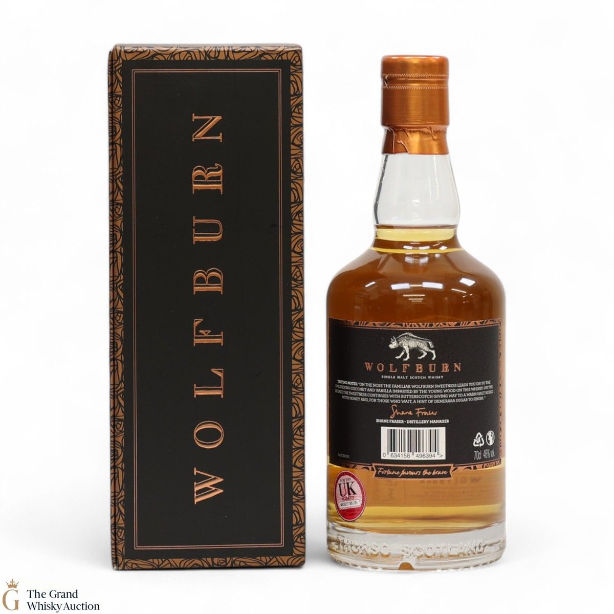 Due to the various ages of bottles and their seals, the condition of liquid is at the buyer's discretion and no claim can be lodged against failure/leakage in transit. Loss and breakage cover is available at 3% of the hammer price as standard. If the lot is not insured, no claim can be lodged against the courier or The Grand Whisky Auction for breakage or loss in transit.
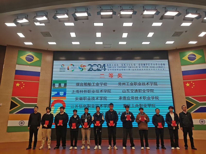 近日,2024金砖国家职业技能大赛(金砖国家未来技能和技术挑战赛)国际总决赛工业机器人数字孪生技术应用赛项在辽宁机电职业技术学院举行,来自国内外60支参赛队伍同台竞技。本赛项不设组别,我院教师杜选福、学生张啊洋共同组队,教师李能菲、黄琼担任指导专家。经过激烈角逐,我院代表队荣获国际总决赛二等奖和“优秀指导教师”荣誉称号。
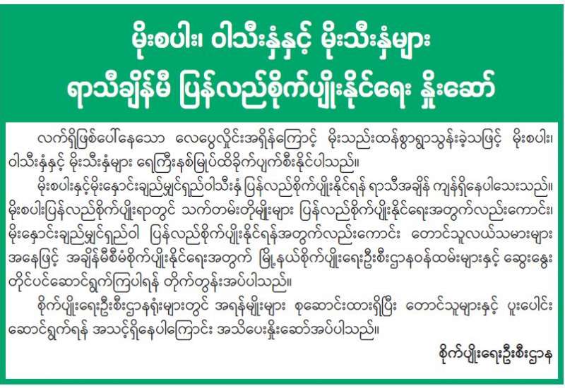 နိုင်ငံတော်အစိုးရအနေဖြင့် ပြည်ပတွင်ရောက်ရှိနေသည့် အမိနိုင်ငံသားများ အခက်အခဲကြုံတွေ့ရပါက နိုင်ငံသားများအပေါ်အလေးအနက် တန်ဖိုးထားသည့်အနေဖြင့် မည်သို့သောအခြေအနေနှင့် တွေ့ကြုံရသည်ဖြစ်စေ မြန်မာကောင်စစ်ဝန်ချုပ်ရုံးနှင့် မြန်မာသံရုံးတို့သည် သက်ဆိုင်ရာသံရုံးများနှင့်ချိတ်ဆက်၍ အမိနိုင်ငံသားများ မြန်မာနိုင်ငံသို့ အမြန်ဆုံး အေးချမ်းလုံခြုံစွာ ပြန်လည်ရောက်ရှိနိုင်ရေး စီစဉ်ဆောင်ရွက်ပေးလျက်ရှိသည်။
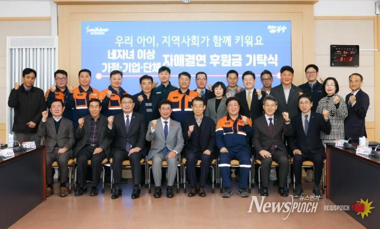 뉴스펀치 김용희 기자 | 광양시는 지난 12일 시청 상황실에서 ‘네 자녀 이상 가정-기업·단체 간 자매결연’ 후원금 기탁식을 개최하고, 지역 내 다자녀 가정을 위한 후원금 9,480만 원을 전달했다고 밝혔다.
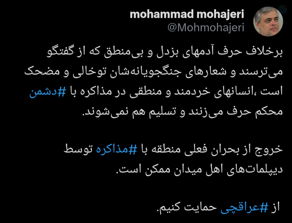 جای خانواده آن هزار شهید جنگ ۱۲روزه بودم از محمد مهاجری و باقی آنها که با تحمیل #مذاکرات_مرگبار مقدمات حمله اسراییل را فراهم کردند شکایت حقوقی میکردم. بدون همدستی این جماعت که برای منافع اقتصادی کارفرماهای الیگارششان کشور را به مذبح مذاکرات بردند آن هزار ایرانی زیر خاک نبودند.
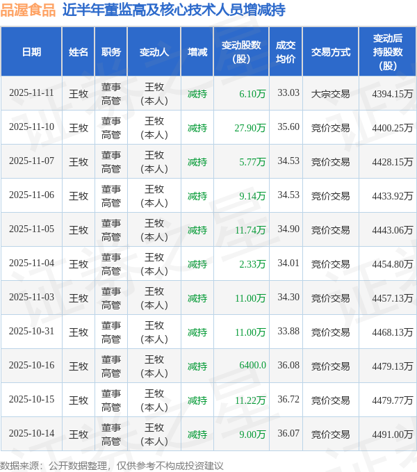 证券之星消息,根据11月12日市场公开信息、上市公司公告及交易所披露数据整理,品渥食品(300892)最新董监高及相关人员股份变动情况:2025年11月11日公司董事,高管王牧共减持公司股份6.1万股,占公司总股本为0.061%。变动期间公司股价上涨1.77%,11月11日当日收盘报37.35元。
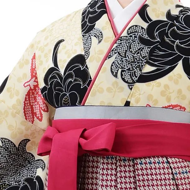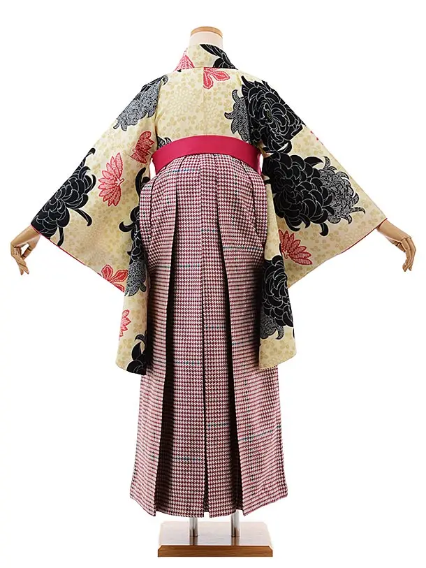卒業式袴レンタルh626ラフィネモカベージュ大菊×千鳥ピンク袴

...

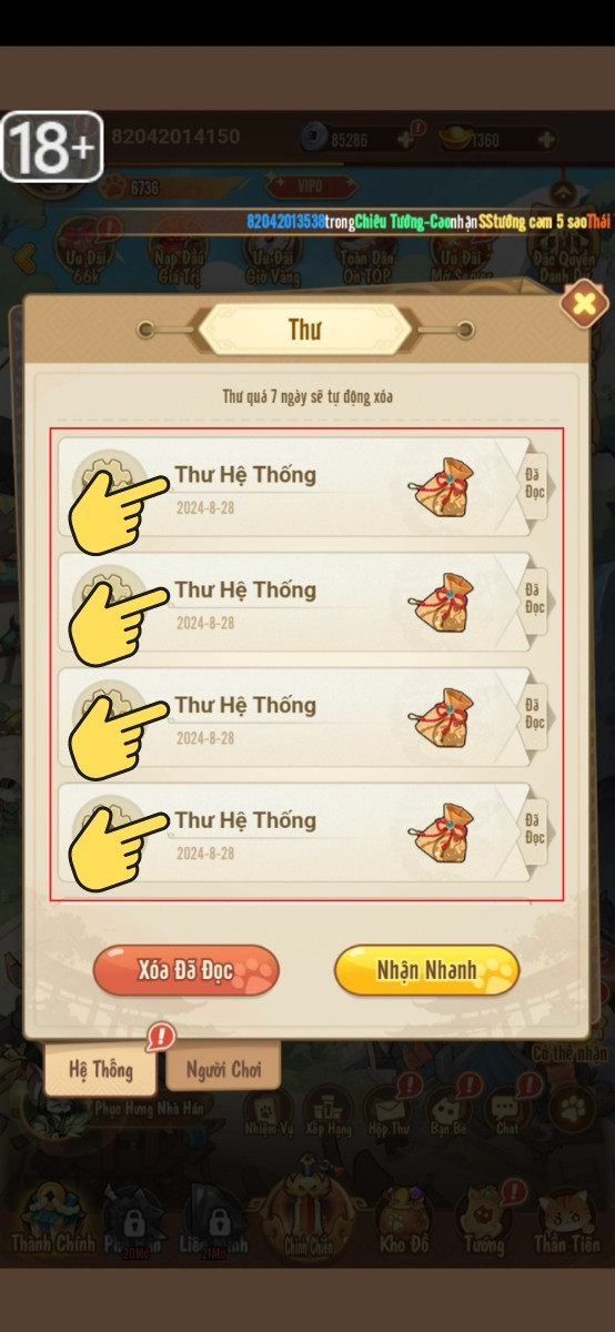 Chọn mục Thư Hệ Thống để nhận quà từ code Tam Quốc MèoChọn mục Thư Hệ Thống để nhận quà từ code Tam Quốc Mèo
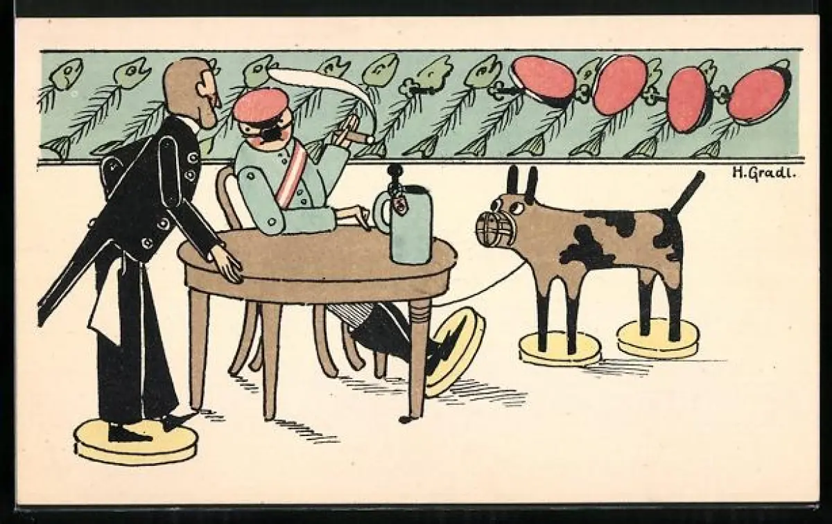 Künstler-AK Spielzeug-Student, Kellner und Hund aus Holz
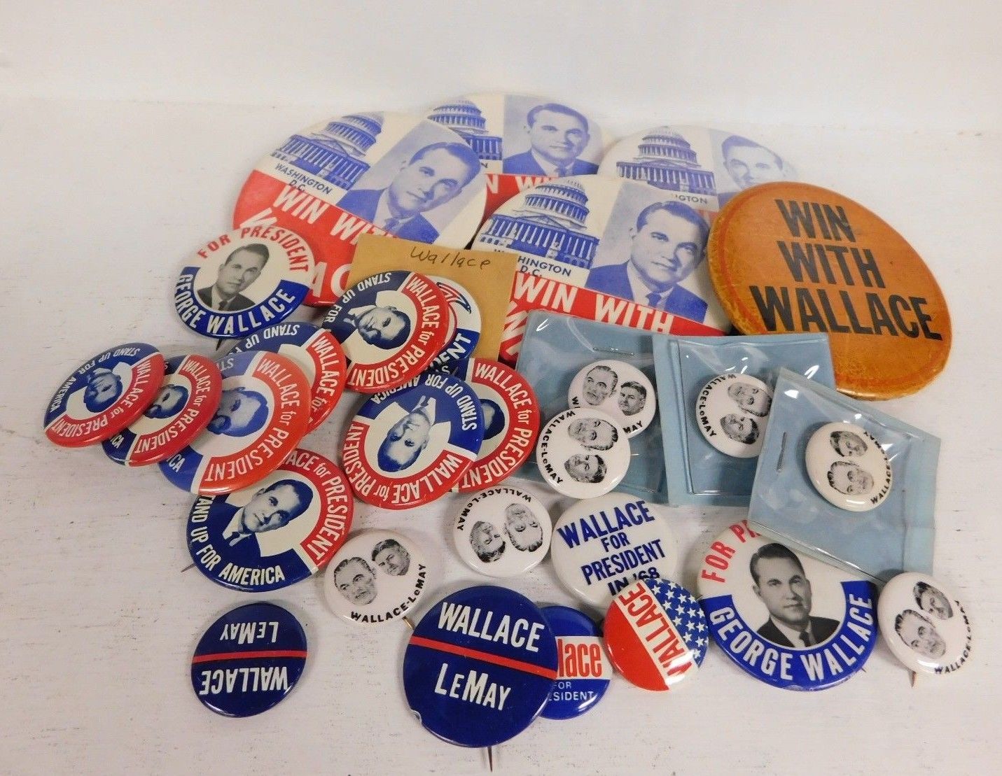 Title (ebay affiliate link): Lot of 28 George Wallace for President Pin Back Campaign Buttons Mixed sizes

> [TASK PROMPT]:
Taking the material above, give again exactly the lines from the one holding "뉴스펀치 김용희 기자" through the one holding "卒業式袴レンタルh626ラフィネモカベージュ大菊×千鳥ピンク袴", with both ends and without pictures.

> [OUTPUT FOR THIS EXERCISE]:
 뉴스펀치 김용희 기자 | 광양시는 지난 12일 시청 상황실에서 ‘네 자녀 이상 가정-기업·단체 간 자매결연’ 후원금 기탁식을 개최하고, 지역 내 다자녀 가정을 위한 후원금 9,480만 원을 전달했다고 밝혔다.
 جای خانواده آن هزار شهید جنگ ۱۲روزه بودم از محمد مهاجری و باقی آنها که با تحمیل #مذاکرات_مرگبار مقدمات حمله اسراییل را فراهم کردند شکایت حقوقی میکردم. بدون همدستی این جماعت که برای منافع اقتصادی کارفرماهای الیگارششان کشور را به مذبح مذاکرات بردند آن هزار ایرانی زیر خاک نبودند.
 证券之星消息,根据11月12日市场公开信息、上市公司公告及交易所披露数据整理,品渥食品(300892)最新董监高及相关人员股份变动情况:2025年11月11日公司董事,高管王牧共减持公司股份6.1万股,占公司总股本为0.061%。变动期间公司股价上涨1.77%,11月11日当日收盘报37.35元。
卒業式袴レンタルh626ラフィネモカベージュ大菊×千鳥ピンク袴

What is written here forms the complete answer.